In today’s ORIGINS at jmww, author Michael Landweber discusses the origins for his novel Thursday 1:17 pm, which published May 2016, by Coffeetown Press.
Although this is an essay on the origins of my new novel, Thursday 1:17 pm, it might end up being more appropriately titled revisions. I suppose we could go with ressurection, although that’s a bit messianic for my taste. Really, this is about the two Origins of this particular book.
Honestly, I can’t pinpoint the moment that I had this idea. But all my work – novels, short stories, whatever – starts with the idea. Usually a very strange idea. When I have these ideas, they are followed by an intense conversation with myself about why this particular concept will probably lead to anguish and heartbreak.
Here’s roughly what that conversation for Thursday 1:17 pm sounded like:
Me: I’ve got a great idea!
Me: Oh crap, not again.
Me: No, you’re gonna love this one. You see, time freezes and there is only one person moving around and that person has no clue what happened or how to fix it.
Me: So you want me to write a novel with a single character and – let me get this straight – a world where there is no possibility of interaction with other characters. Because they’re all frozen in time!
Me: Um, well, yeah. There could be flashbacks?
Following that conversation, I, of course, decided to write the book. That would have happened sometime in 2007. The book came out in 2016.
Like I said, revisions.

Author Michael Landweber
Once I have a concept, I generally turn to character. Who is the person who I’m going torture – I mean, expose to this unusual situation? For Thursday 1:17 pm, that meant putting a person in a familiar environment that had become, in an instant, completely foreign. The character would have to deal with alienation and loneliness. It would be a unique type of isolation – everyone who the character could engage with would be right there, present but impossible to reach. The symbolic and thematic possibilities of that intrigued and scared me. That’s always a good combination for me to start a project.
The narrator, as is always the case, started to tell me who he was. He was a 20-something recent college grad kicking around Washington, DC. Even before time stopped, he was aimless, stuck in his own rut, not really connected to the world anymore. This first-person narrator didn’t even have a name. That should have tipped me off that I had a problem.

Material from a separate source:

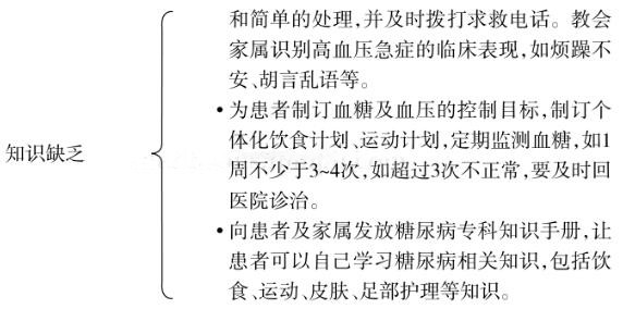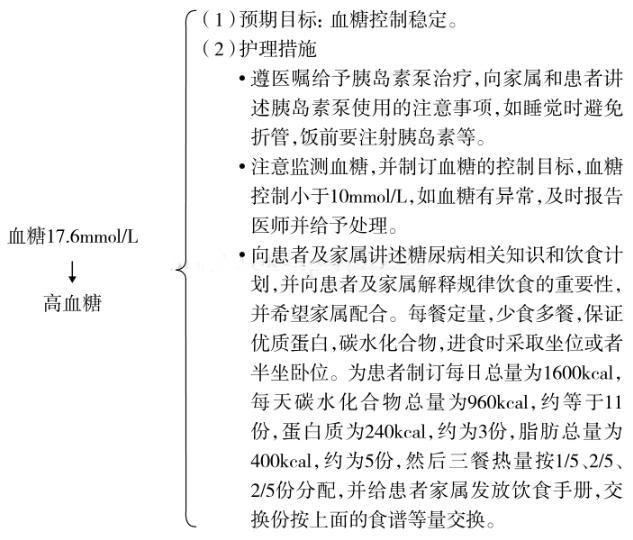 (2)患者的血糖不稳定,遵医嘱给患者服用降糖药,给患者和家属做好健康教育,为患者设定近期血糖的控制目标。

But I was off and running, with my slightly depressed loner of a narrator leading the way. The journey was not pleasant. The tone quickly turned dark. Bleak. Pitch black. Now, I don’t have a problem with exploring the darker side of humanity in literature. Actually, I tend to gravitate toward it. But my narrator, unshackled by any social pressure or authority on his behavior, became more nihilistic and irredeemable. It was quickly becoming Crime and Punishment, without any threat of punishment.
It took many years and multiple drafts for me to realize that I was writing the wrong book. As a writer, that’s a pretty crappy moment to have. I did want to explore what would happen when a person is no longer subject to basic societal constraints. What does a person do when there is no threat of getting caught, when there is no one watching. But I needed a character who would at least have an internal moral compass that could balance the allure of this absolute freedom.
So a couple of years ago, I started over. A new origin story. Take two.
I knocked five years off the narrator’s age, gave him a name and let him loose on the story. He was now a 17-year-old nicknamed Duck. He had just graduated high school and it was the day before his 18th birthday when the world froze. As long as time was stopped, he would literally be unable to become an adult.
It was still dark. Duck’s mom had died after a long bout with cancer the morning the world froze. His dad was in an institution. He still contemplates the consequences of voyeurism and suicide and violence in a lawless world. But the simple (though, as a writer, incredibly painful) act of recasting my main character gave the book a snarky attitude and an almost idealistic voice. Duck spends much of his time writing a guidebook for others frozen in time, an aspirational activity indicative of someone who believes there may be a way out of his current situation. Though he does let his baser instincts emerge, he also figures out how to transcend them.
So that’s the Origins story for Thursday 1:17 pm. I wrote two different books. The first version of the novel was all about resignation; the revision suddenly became about hope.
Michael Landweber lives and writes in Washington, DC. His short stories have appeared in literary magazines such as Gargoyle, Fourteen Hills, Fugue, Barrelhouse and American Literary Review. He is an Associate Editor at Potomac Review and a contributor for the Washington Independent Review of Books.